Amendement de cohérence juridique visant à mieux protéger les exploitations agricoles contre les procédures abusives.
La responsabilité pour trouble anormal de voisinage, consacrée par la jurisprudence et désormais codifiée à l’article 1253 du code civil, constitue un fondement juridique régulièrement invoqué dans les litiges opposant riverains et exploitants agricoles.
Toutefois, dans le contexte agricole, ce régime de responsabilité est parfois mobilisé de manière abusive, et la rédaction actuelle du 311-1-1 porte une forme d'accusation sur les exploitants agricoles, sans que leur caractère réellement anormal ne soit toujours établi judiciairement. Cette situation peut fragiliser juridiquement des exploitations agricoles pourtant conformes aux réglementations en vigueur et participant à l’activité économique et à la vitalité des territoires ruraux.

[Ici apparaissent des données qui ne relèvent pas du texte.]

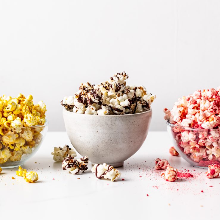 - Spread the popcorn over a sheet of greaseproof paper, then drizzle over the dark chocolate and sprinkle the coconut. Leave until the chocolate has firmed up.
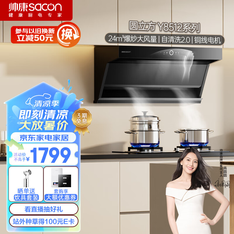 帅康(Sacon)抽吸油烟机 家用顶侧双吸24风量大吸力自动清洗挥手智控排油烟机 CXW-280-Y8512价格:1799.00元!
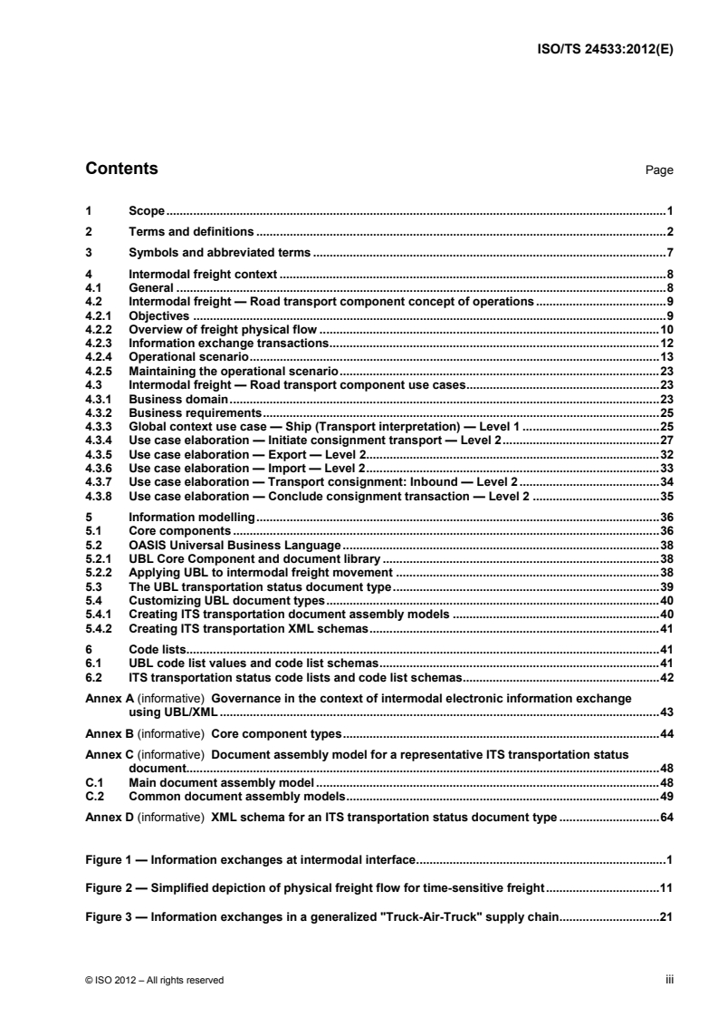 Keywords: ISO/TS 24533:2012, intelligent transport systems, intermodal freight, electronic information exchange, road transport information exchange, UBL, XML, transport data, consignment, supply chain.
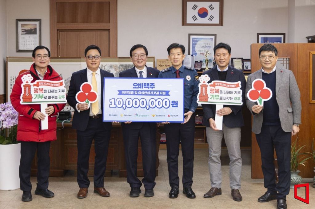 3일 광주 북구청에서 열린 ‘음주운전 없는 안전 귀가’ 민·관·경 합동 캠페인에서 오비맥주가 광주 북부 여성안심귀갓길 지원 사업 등에 쓰일 기부금을 전달하고 있다. 광주사회복지공동모금회박흥철 사무처장(왼쪽부터), 오비맥주구자범 수석 부사장, 문인 광주북구청장, 김용관 광주북부경찰서장, 오비맥주양우천 광주공장장, 오비맥주 김태호 광주지점장. [사진제공 오비맥주]

La substitution du terme « anormal » par le terme « allégué » vise ainsi à mieux refléter la réalité contentieuse de ces situations, dans lesquelles le trouble est avant tout affirmé par une partie avant d’être, le cas échéant, caractérisé par le juge. Cette évolution rédactionnelle permet de rappeler que la qualification d’un trouble relève de l’appréciation juridictionnelle et ne saurait être présumée du seul fait de son invocation.
Elle contribue également à sécuriser juridiquement les activités agricoles, qui s’exercent par nature dans un environnement susceptible de générer certaines nuisances inhérentes à la production agricole, tout en maintenant la possibilité pour le juge d’apprécier souverainement la réalité et la gravité des troubles invoqués.
Ainsi, cette modification rédactionnelle participe d’un objectif d’équilibre entre la protection des riverains et la nécessaire préservation des activités agricoles.